Show and TEL: Are Tax and Expenditure Limitations Effective?

More than half of the states in the United States are subject to some kind of limitation on their ability to raise taxes, spend money, or incur debt. Most states, at the same time, impose similar constraints on their local governments. These measures are commonly referred to as tax and expenditure limitations (TELs). TELs are part of a larger set of fiscal rules aimed at curbing the budget process with the objective of constraining decisions made by governments. Recent research has examined the effectiveness of TELs in achieving their intended objectives. This research mainly attempts to disentangle the effect of TELs on fiscal policies, policy outcomes, and economic per­formance. The findings are mixed: While a few studies assert that TELs do restrain governments, others hold exactly the opposite. Some research work even finds that TELs have been detrimental to the states' financial position.

Why Do TELs Exist?

State and local government budgets are constructed follow­ing certain fiscal rules defined in advance. While some of these rules define specific guidelines that should be obeyed throughout the budgeting process in order to guarantee fiscal transparency and accountability, others explicitly restrict the size of the government. Among the latter, TELs are perhaps the most widely used among state and local govern­ments. Specifically, TELs establish a set of rules typically defined in terms of limits on the growth of tax revenues, spending, or both, with the ultimate objective of constrain­ing the growth in the size of government. Other fiscal rules, such as balanced budget provisions and debt limits, do not necessarily intend to limit the size of government.
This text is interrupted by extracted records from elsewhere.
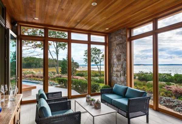 Невольно, у многих их нас веранда ассоциируется с деревянным сооружением. И это неудивительно, ведь именно из древесины чаще всего строились летние веранды. В дальнейшем дерево стали комбинировать со стеклом для получения закрытого внесезонного пространства. Именно поэтому дерево в качестве строительного и отделочного материала используется очень широко в современных дизайн-проектах. Обилие стеклянных поверхностей позволяет практически стереть границу между внутренним убранством веранды и внешним пейзажем. В свою очередь деревянная отделка привносит природную теплоту в атмосферу помещения.
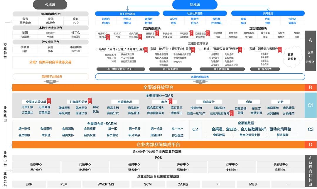 商派oneX平台已经对接了近百个外部销售平台,实现了企业全渠道一盘货经营,全渠道会员身份统一识别,以及多层级经销商在线化赋能;并提供集成中间件服务,集成和对接品牌企业内部业务IT系统,实现全渠道业务闭环,支撑品牌零售企业迅速实现数字化转型。
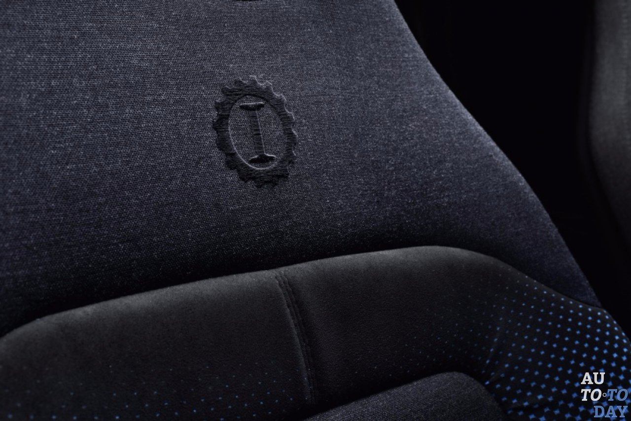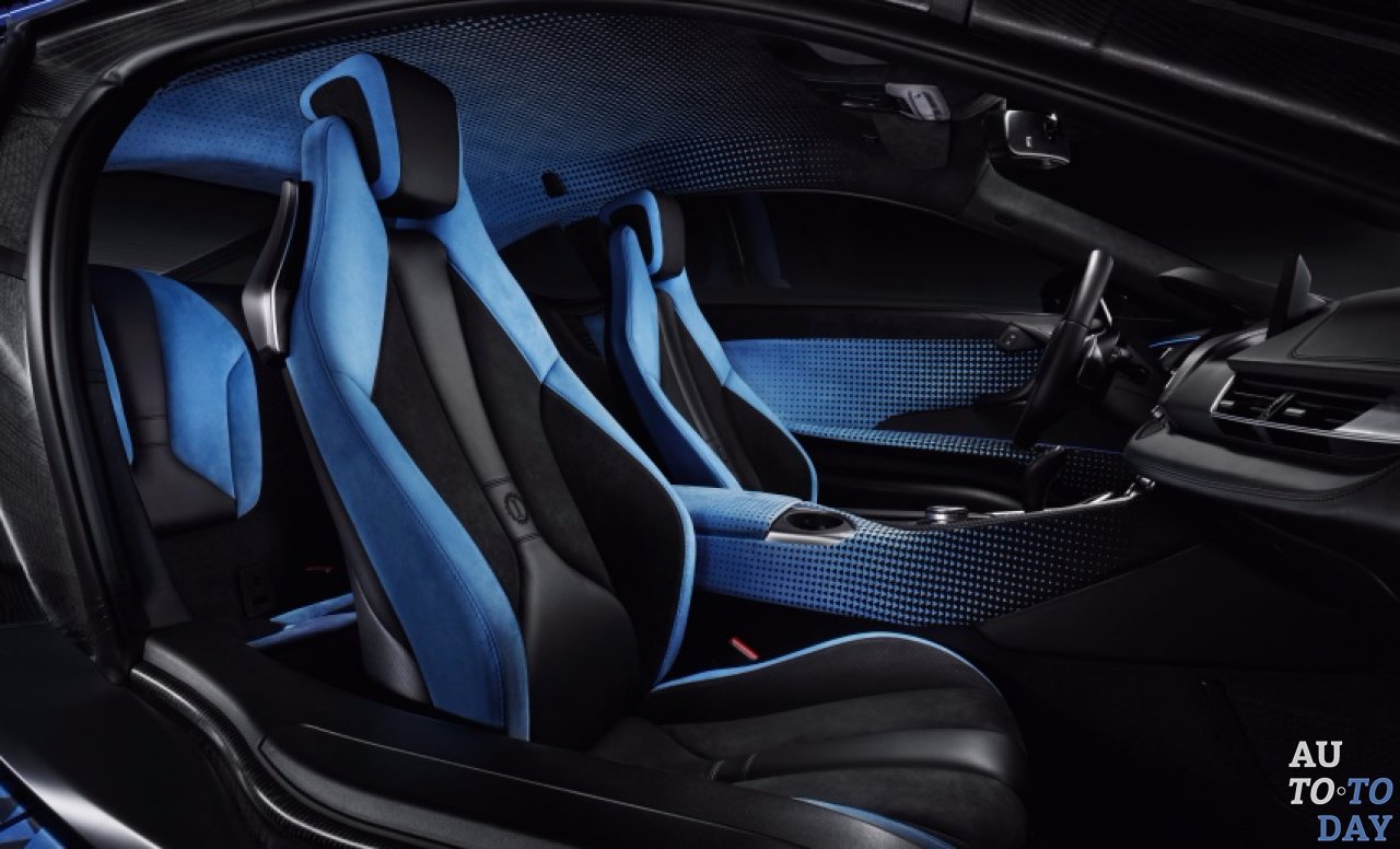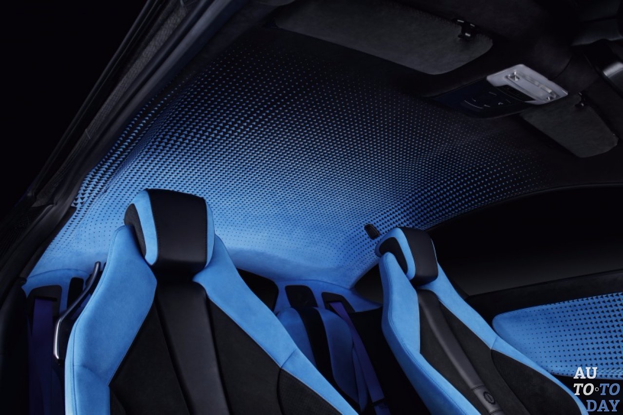 Интерьер i8 Garage Italia CrossFade следует внешнему дизайну. Для обивки используется элитный цветной текстиль и отделочный материал Alcantara в том же темном серебристо-синем переходе цвета.
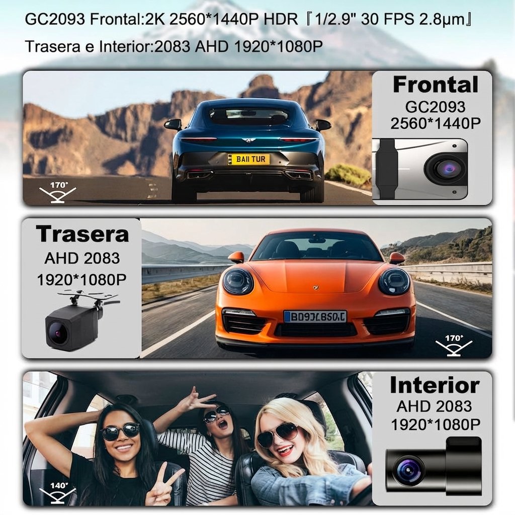 • Monitoreo de estacionamiento, graba aunque el carro esté apagado
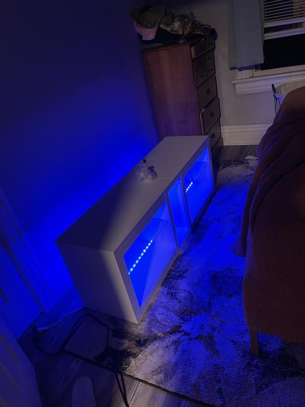 LED Ambiance: Features USB-powered RGB LED lights with 16 colors and four dynamic modes, enhancing your viewing experience. Holds up to 55 inches of TV on this media console
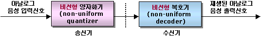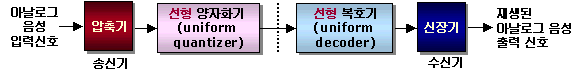 아날로그 음성신호를 압축해서 선형양자화기에 입력하고, 수신기의 선형 복호기에서 복호된 아날
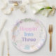 Make your little one’s celebration extra sweet with these adorable “Hoppin’ Into Three” birthday Plates. Featuring soft pastel lettering and charming bunny illustrations, these plates are perfect for a whimsical 3rd birthday party.

James Poterba of the Massachusetts Institute of Technology argues that the role of TELs and fiscal rules in general can be characterized by two contrasting views: the institutional irrelevance view and the public choice view. The institutional irrelevance view claims that budgetary institutions simply reflect voters' preferences and do not directly affect fiscal policy outcomes. States politically dominated by electorates manifestly opposed to a strong government presence in the economy would tend to limit government revenue and expenditure regardless of the exis­tence of TELs, so in this sense the rules will necessarily be nonbinding and simply viewed, in Poterba's words, as "veils, through which voters and elected officials see, and which have no impact on ultimate policy outcomes."

The public choice view, on the other hand, supports the idea that fiscal rules can constrain fiscal policy outcomes. This view implies that politicians and governments, driven by self-interest motives, choose policies biased toward higher levels of taxes and expenditures, and these choices do not necessarily benefit the public interest. In this con­text, fiscal limits, such as TELs, can potentially limit the set of alternatives that politicians may choose from and, consequently, influence policy outcomes. Even in this case, however, it is not clear which rules are effective and how the system should be designed.
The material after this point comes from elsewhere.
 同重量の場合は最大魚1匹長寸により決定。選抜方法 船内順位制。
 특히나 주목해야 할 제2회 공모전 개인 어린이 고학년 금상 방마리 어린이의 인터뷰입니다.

Moreover, the implementation of TELs is challenging because it is subject to the well-known principal-agent or delegation problem. The idea is that once voters (the principals) set the limits through TELs, the implementation is ultimately delegated to politicians or government officials (the agents), who, as stated earlier, may prefer larger levels of taxes and spending. In order for TELs to achieve their intended objectives, voters should be able to follow the implementation of the rules and monitor governments' current and future actions. But such monitoring is not only costly but also imperfect. As a result, governments driven by self-interest motives might end up adopting alternative and circumventing actions that will partially offset the effects of the limitations. For instance, governments may strategically change their revenue structure and increase reliance on income sources not subjected to limitations.

State-Level TELs

As of 2010, some 30 states have enacted some kind of tax or expenditure limitations, of which 23 have only spending limits, four have only tax limits, and three have both spend­ing and tax limits. The institutional differences across state-level TELs include the method of codification, approval procedures, type of limit, specification of the growth factors, treatment of surplus revenues, and provisions for over­riding or waiving the limit. These institutional differences make some TELs more restrictive and binding than others.

Differences in the means of codification translate into differences in effectiveness. While in some states TELs are statutory, in others they are codified in the state con­stitutions. Statutory TELs can be more easily modified or rescinded by the legislature, so constitutional TELs are generally considered more effective tools to restrain the government's size.

The methods of approving TELs also vary across states. In general, one of the following procedures is used: citizen initiative (or referendum), legislative proposal, or constitu­tional convention. These alternatives are not mutually exclusive and a combination of the three may also be observed. For instance, the approval of a citizen initiative may require the approval by the legislature as well.

Differences in the type of limitation are also, of course, highly significant. States establish limits on expenditures, reve­nues, appropriations, or a combination of them. In principle, since most states also have balanced-budget provisions in place, expenditure limits should be largely equivalent to revenue limits. In practice, however, revenue limits are more restrictive than spending limits, mostly because spending limits do not generally affect all spending categories, and the spending limits usually apply only to general fund expenditures, not special funds. The latter means that the legislature can always avoid the limits imposed by TELs by transferring funding allocations from one fund to the other. The limits on appropriations are typically set as a percentage of the general revenue estimates.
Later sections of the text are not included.